Ok, was reading about cheesecakes on here and had an idea, funny how those things happen sometimes.  Years ago, I had a recipe I copied out of a Bon Appetite (sp) magazine for Marx Brothers cheesecake, from the Marx Brothers restaurant in Alaska, great cheescake.  I have since lost it.  I was hoping someone might have that recipe and could give it to me.  Thanks in advance.  David.


----------



## Michael in FtW (Nov 8, 2008)

I searched on the _Bon Appétit_, _Epicurious_ and _Gourmet _on-line archives with no luck. However, there are a lot of sites offering the recipe (Google search results) but this one for Marx Brothers Cheesecake looks to be fairly typical of the ones I compared.

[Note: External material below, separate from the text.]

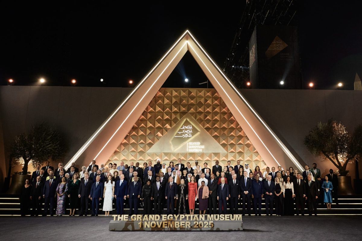 Οι ηγέτες, συνοδευόμενοι από την πρώτη κυρία της Αιγύπτου Εντισάρ Μοχάμεντ Άμερ, φωτογραφήθηκαν μπροστά από τη χαρακτηριστική γυάλινη πρόσοψη του μουσείου. Εντυπωσιακά πλάνα από αέρος ανέδειξαν τη μεγαλοπρέπεια του νέου συγκροτήματος, το οποίο δεσπόζει στην άκρη της ερήμου, με φόντο τις πυραμίδες της Γκίζας.

Hope this is what you were looking for.


----------



## texasgirl (Nov 8, 2008)

Wow, there are no directions to that link. Is it just me?


----------



## Alix (Nov 8, 2008)

Nope, no directions. Should we add them here?

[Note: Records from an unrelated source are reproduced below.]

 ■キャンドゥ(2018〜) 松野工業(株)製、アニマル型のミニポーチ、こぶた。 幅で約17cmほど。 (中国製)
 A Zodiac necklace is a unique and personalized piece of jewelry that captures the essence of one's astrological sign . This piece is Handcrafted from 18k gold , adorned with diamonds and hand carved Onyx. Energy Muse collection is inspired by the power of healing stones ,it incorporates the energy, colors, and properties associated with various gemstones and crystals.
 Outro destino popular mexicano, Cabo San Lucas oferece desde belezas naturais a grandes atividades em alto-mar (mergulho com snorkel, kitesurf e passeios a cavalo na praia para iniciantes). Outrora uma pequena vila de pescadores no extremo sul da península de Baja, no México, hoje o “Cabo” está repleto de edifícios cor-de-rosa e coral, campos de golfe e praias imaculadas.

Blend first 3 ingredients together and press into bottom of springform pan. 
Blend rest of ingredients together until consistency is smooth. Pour into springform and bake for about an hour in a 350 oven. Cake is done when top is dry looking right to the center and "bounces back" when touched. (Bain marie directions anyone? I've never used one so I haven't a clue)

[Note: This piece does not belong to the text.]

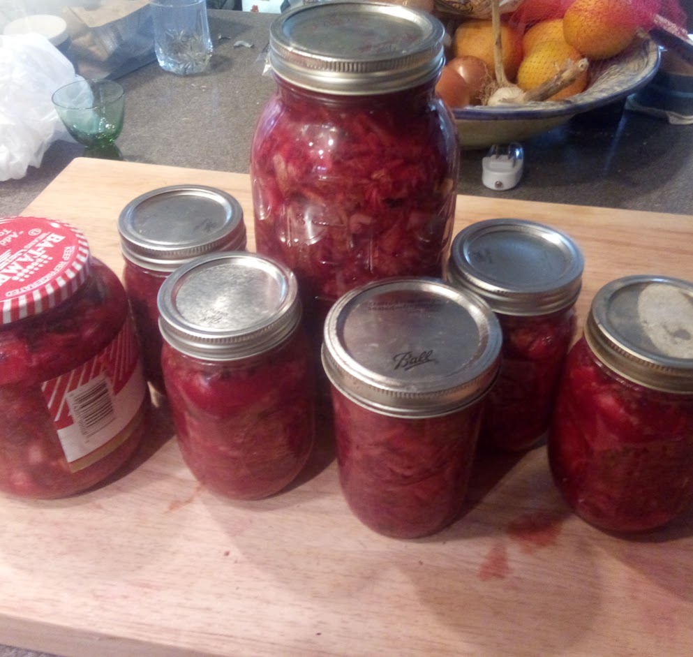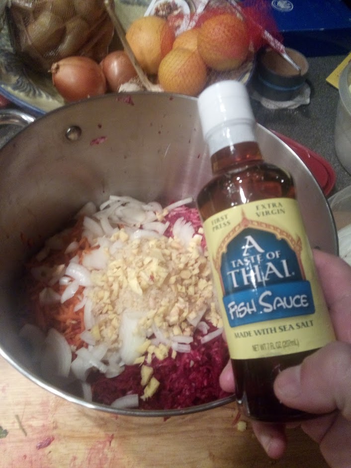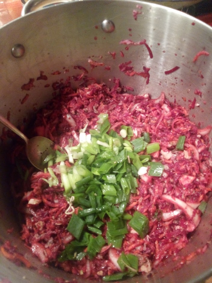 Carrots, beets, and radishes. Here are mine all shredded up good in a big pot:

My question is 6pk (8oz) cream cheese. Are we suggesting 48 oz of cream cheese in this recipe? That CAN'T be right. I could see 2 or 3 but not 6.


----------



## PieSusan (Nov 9, 2008)

Many of Maida Heatter's cheesecakes call for 32 oz of cream cheese for an 8 x 3-inch pan.


----------



## dcannaday (Nov 11, 2008)

Ok, found a place with a recipe that looks like what I remember, altho at my age what do I remember? Hmmm, can't post a URL.  And yes it does call for 3 lbs of cream cheese lol. That is why it is soooo good. Why I did not google it, I do not know, just kept checking the recipes at Bon Appetite. Thanks everyone. David.  Oh and Stacey, it was not just you on the directions.  I see you are a fellow Texan.  I now live in N Carolina, but will always be a Texan.


----------